Italian, Interlinea, 2022
“if roots have memory
like underground mines
at the first movement
at the first wrong step
there will be rust-coloured buds
threatening and indecent
flowers opening on to the precipice”
Verso la ruggine (Towards Rust), the latest poetical work by Prisca Agustoni, draws inspiration from the terrible environmental disasters which, between 2015 and 2019, struck Minas Gerais, the state in South East Brazil where the author – originally from Lugano in Switzerland – has lived and worked for some years. The texts, divided into two sections (Colpi di scure (Axe-blows) and I sopravvissuti (The Survivors), drop the reader into a tragedy that becomes a metaphor and symbol for a catastrophe that includes everyone.
How are we to respond to climate change and the environmental crisis? What does it reveal about us? How can we represent it in poetry, if we admit that the undertaking has an intrinsic literary value? With Towards Rust, Prisca Agustoni not only takes up this challenge but, answering the threefold question, invites the reader to see with a vision beyond the purely civic dimension.
Prisca Agustino’s new poetic work, probably her most profound and mature, takes its inspiration from the environmental disasters which, between 2015 and 2019, devastated Minas Gerais, the state in South East Brazil known for its iron production, where the author – originally from Lugano – has lived and worked for some time. Disasters caused by human mining activity: worst of all, the dumping of a huge basin of toxic water into the Rio Doce after the collapse due to negligence of a dyke which led to multiple fatalities. This catastrophe also compromised the riverside habitat, from on which the indigenous Krenak population were dependent for sustenance. Eco-crimes the poet and essayist Fabio Pusterla uses the term in his rich introductory note.
In Towards Rust Prisca Agustoni appropriates the accounts and the pain of others (animal and vegetable included) with a dash of natural empathy, finding in those tragic events the echo of her own existential experience. So on the one hand, this leads to a book which, uniting ethos and pathos, splits into a general lament (Axe-blows, the first part) and in the voice of the Krenak people (The Survivors, the second part). But at the same time, in a way more recondite and perhaps more intriguing, the protagonist of Towards Rust is the same poetic voice which declares itself here and there to be a reflection on language, until it becomes a background and revelation of the real. There are many examples of this: ‘a story that plants roots in your mouth’, ‘a toxic tongue licking the earth’, ‘the alphabet of resin and rubber’, the ‘black tongue’ in a ‘foreign syntax’. Aside from that, it is also significant that Prisca Agustoni wrote this very Brazilian book in her mother tongue – it would subsequently be rewritten in Portuguese.
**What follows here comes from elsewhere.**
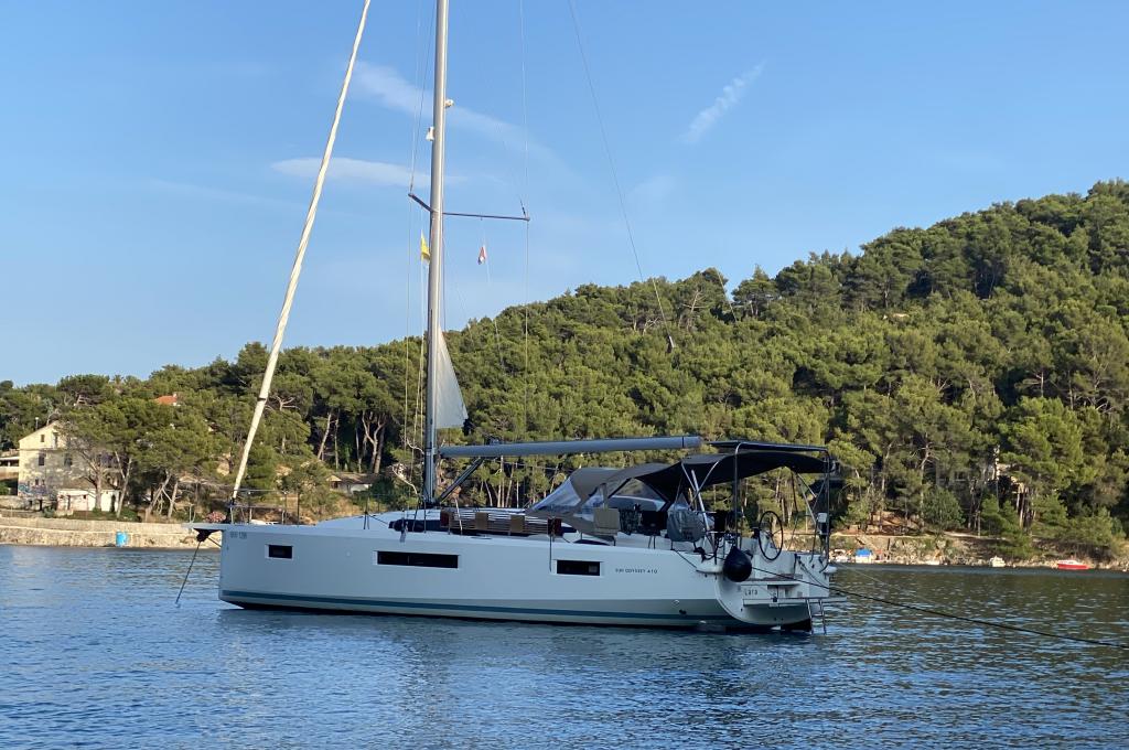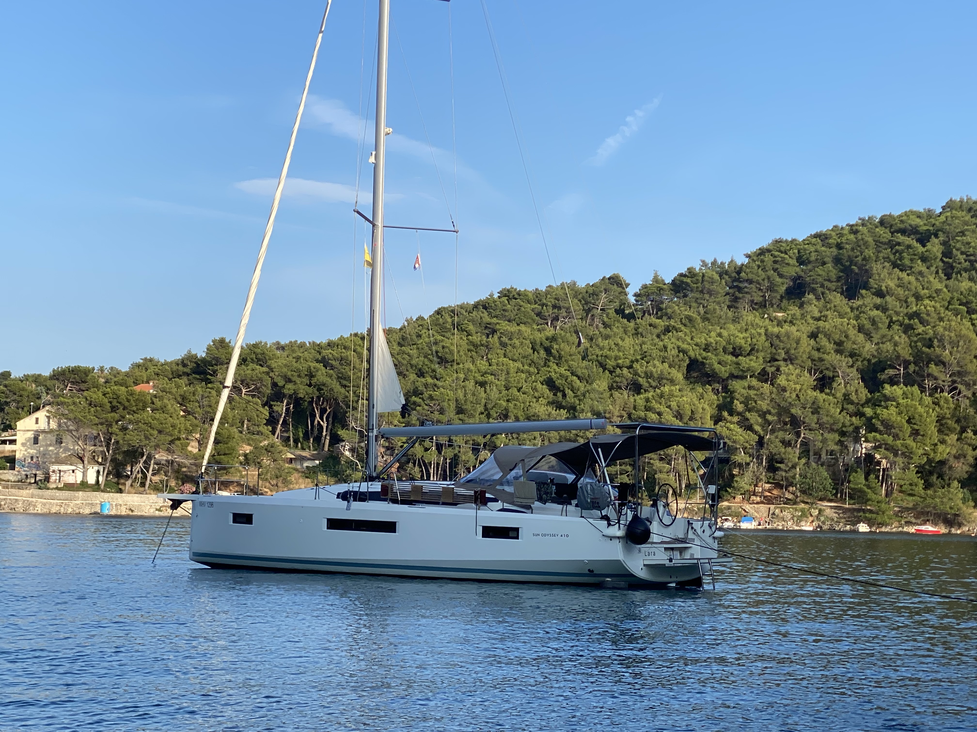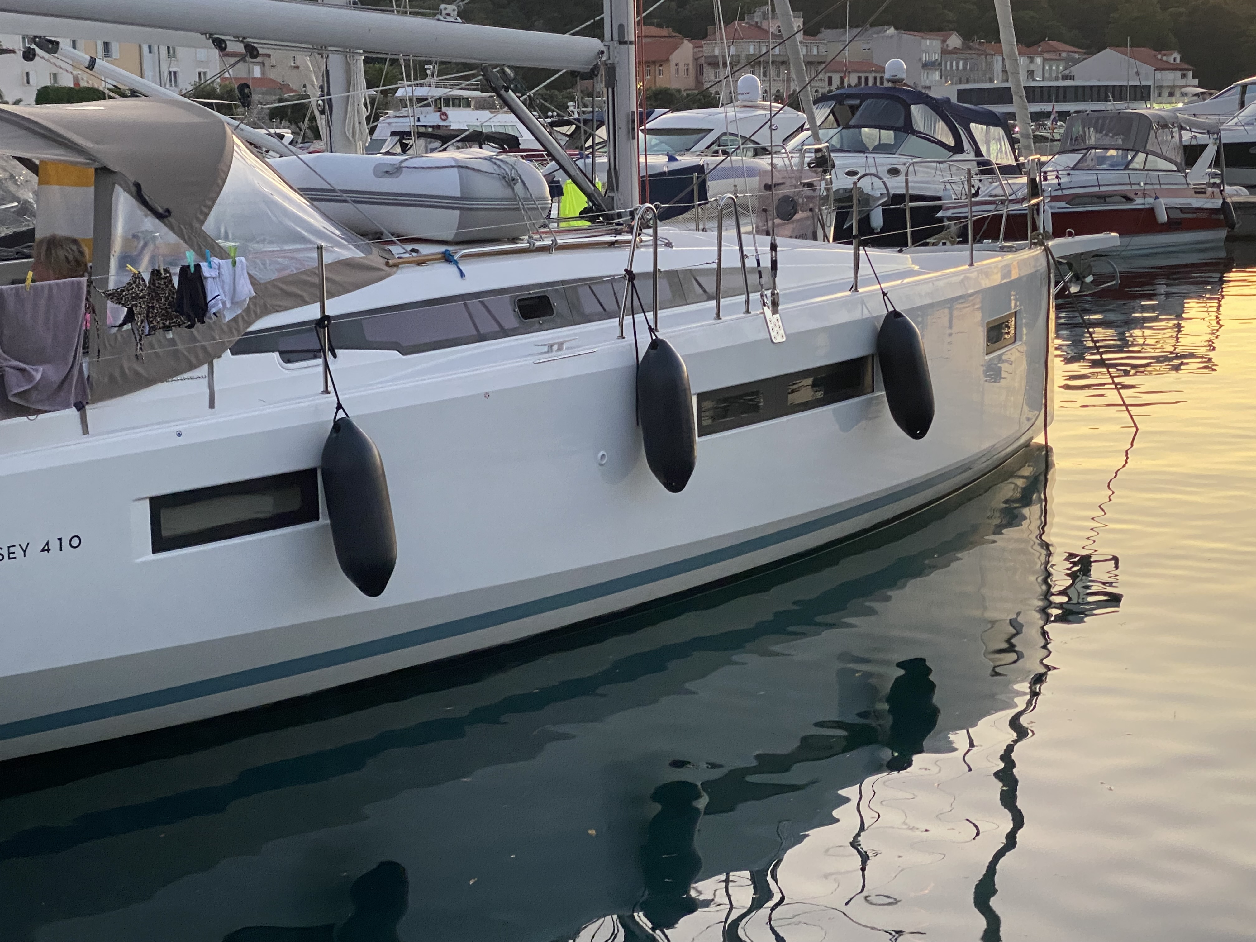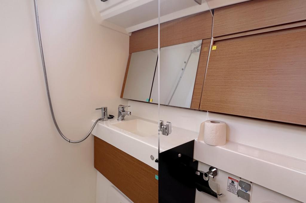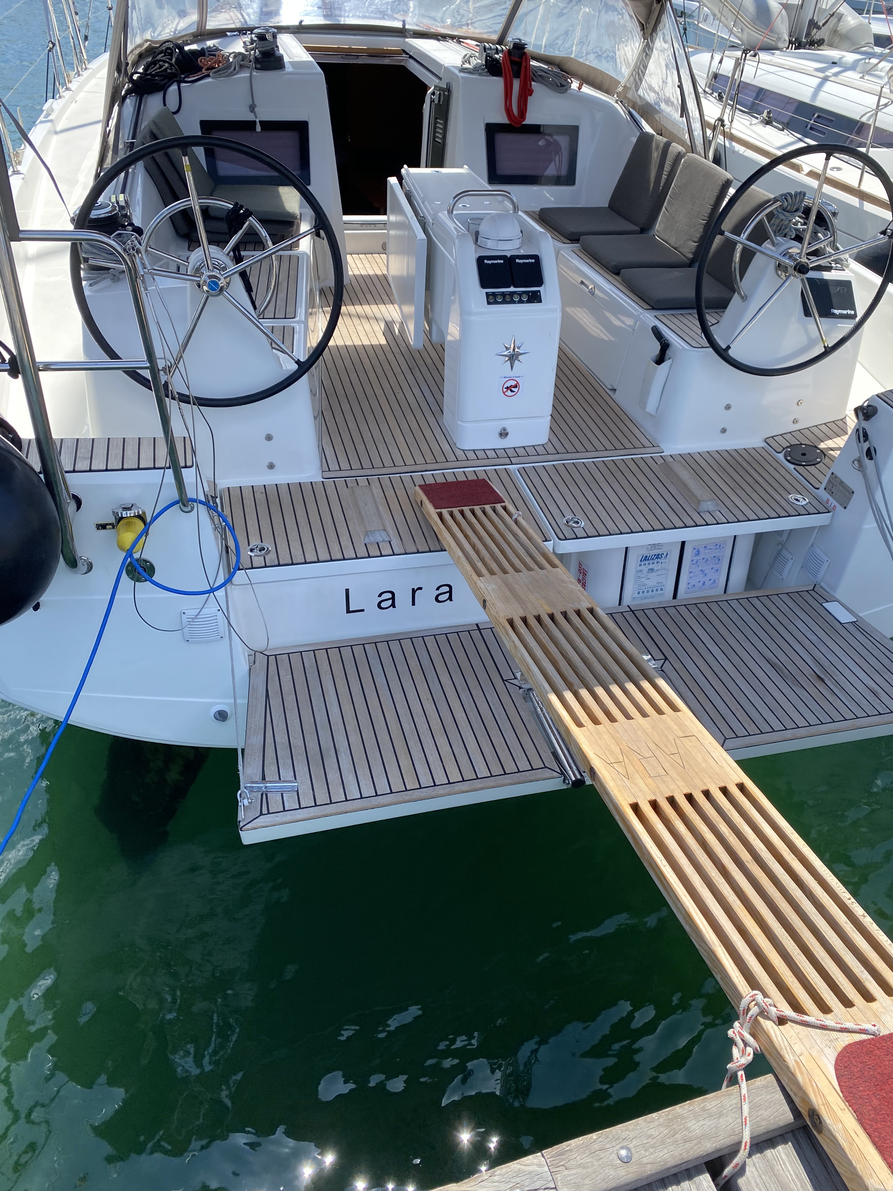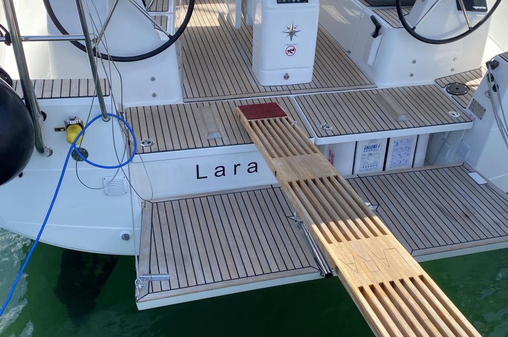 | Outside | Badeleiter, Badeplattform, Biminitop, Cockpitlautsprecher, Cockpitpolster, Cockpittisch, elektr. Ankerwinsch, Gangway, Solaranlage, Sprayhood, Teak auf Badeplattform, Teak im Cockpit |

‘they speak mud/ the suicides of this disfigured kingdom/ and there is no way to return/ to the shrubs, to the infernal sufferings// the wood already razed to the ground/and all its seed eradicated’: if the wealth comes from iron, it is symbolic that that iron should succumb to the rust alluded to in the title of the book. Towards Rust thus also translates the erosion of all our certainties.
Text by Massimo Zenari
- Verso la ruggine
- Translation rights
- Publication date
- Swiss Literature Award 2023
Prisca Agustoni was born in Lugano, Switzerland and has lived for many years between Italian Switzerland and Brazil, where she works as a translator and as a teacher of Italian literature. She writes and self-translates in Italian, French and Portuguese and makes this journey between languages her creative and reflective engine. She has published several collections of poems in the three languages.